### Provided material
------------------------------------------------------------

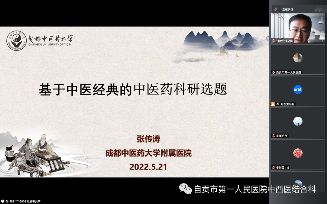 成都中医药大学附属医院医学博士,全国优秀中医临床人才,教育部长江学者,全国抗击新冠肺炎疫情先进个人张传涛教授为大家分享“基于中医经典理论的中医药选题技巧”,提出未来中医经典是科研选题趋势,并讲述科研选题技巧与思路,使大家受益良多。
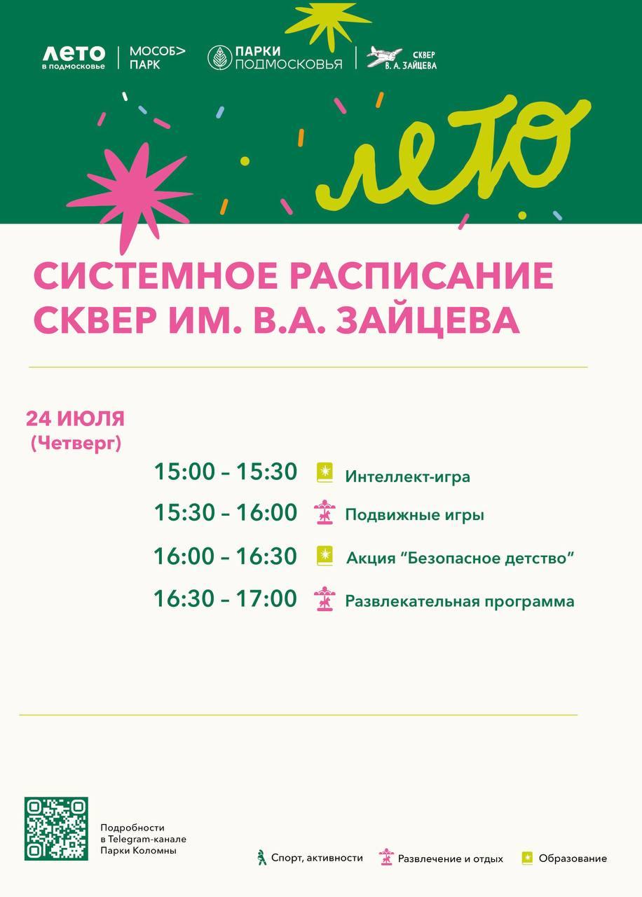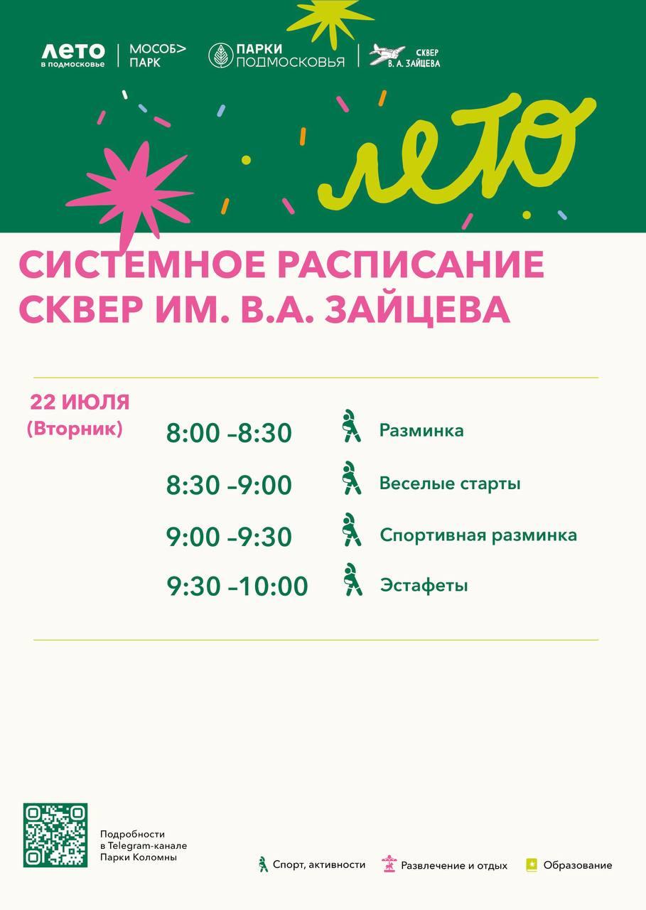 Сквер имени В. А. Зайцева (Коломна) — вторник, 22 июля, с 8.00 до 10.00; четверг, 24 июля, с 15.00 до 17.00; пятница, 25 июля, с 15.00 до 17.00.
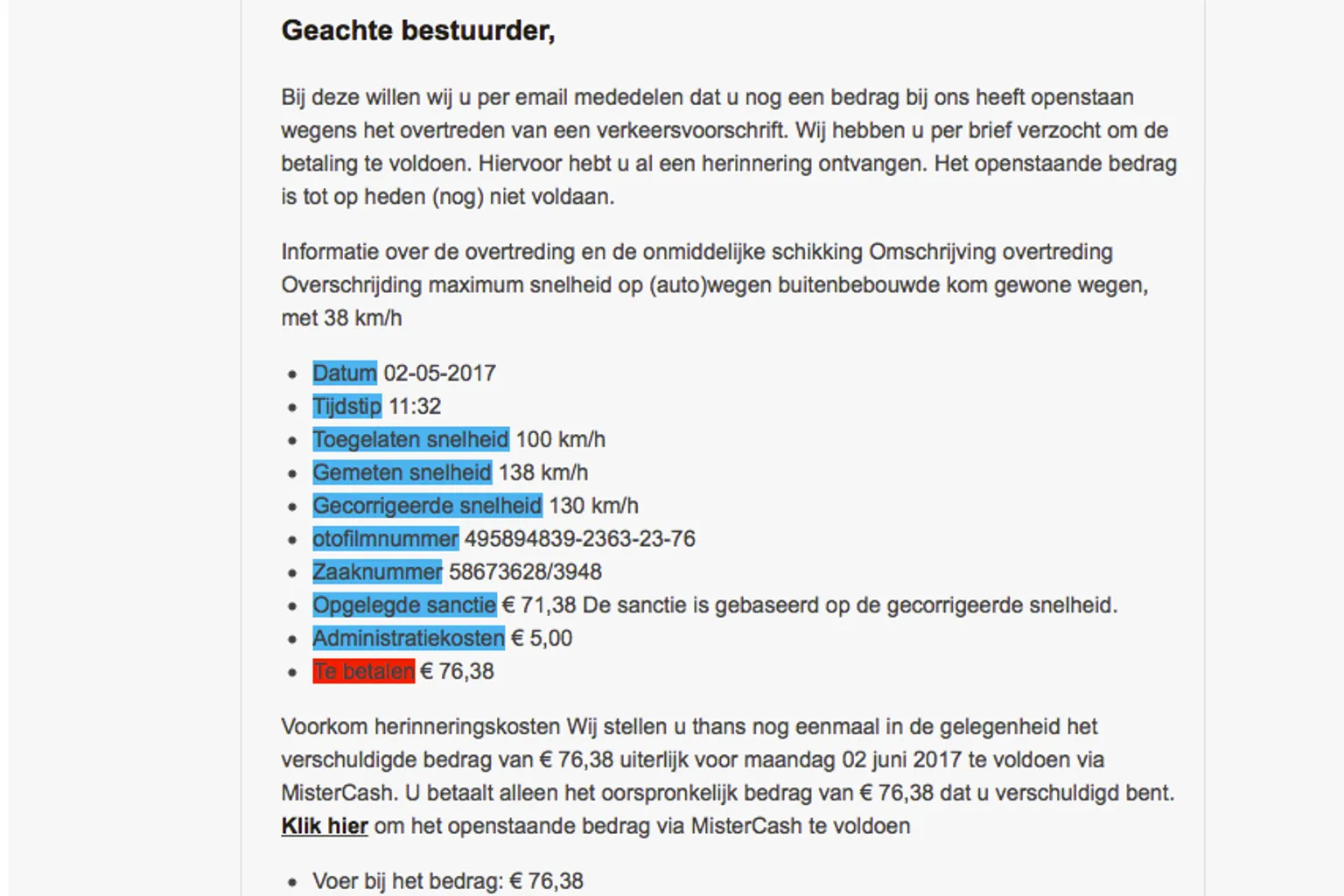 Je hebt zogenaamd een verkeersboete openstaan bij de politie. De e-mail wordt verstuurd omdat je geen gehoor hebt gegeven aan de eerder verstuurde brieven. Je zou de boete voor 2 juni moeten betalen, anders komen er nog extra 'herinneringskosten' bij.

------------------------------------------------------------

### Instructions for the task
Output the data above exactly, excluding images.

### Response to the exercise
 成都中医药大学附属医院医学博士,全国优秀中医临床人才,教育部长江学者,全国抗击新冠肺炎疫情先进个人张传涛教授为大家分享“基于中医经典理论的中医药选题技巧”,提出未来中医经典是科研选题趋势,并讲述科研选题技巧与思路,使大家受益良多。
 Сквер имени В. А. Зайцева (Коломна) — вторник, 22 июля, с 8.00 до 10.00; четверг, 24 июля, с 15.00 до 17.00; пятница, 25 июля, с 15.00 до 17.00.
 Je hebt zogenaamd een verkeersboete openstaan bij de politie. De e-mail wordt verstuurd omdat je geen gehoor hebt gegeven aan de eerder verstuurde brieven. Je zou de boete voor 2 juni moeten betalen, anders komen er nog extra 'herinneringskosten' bij.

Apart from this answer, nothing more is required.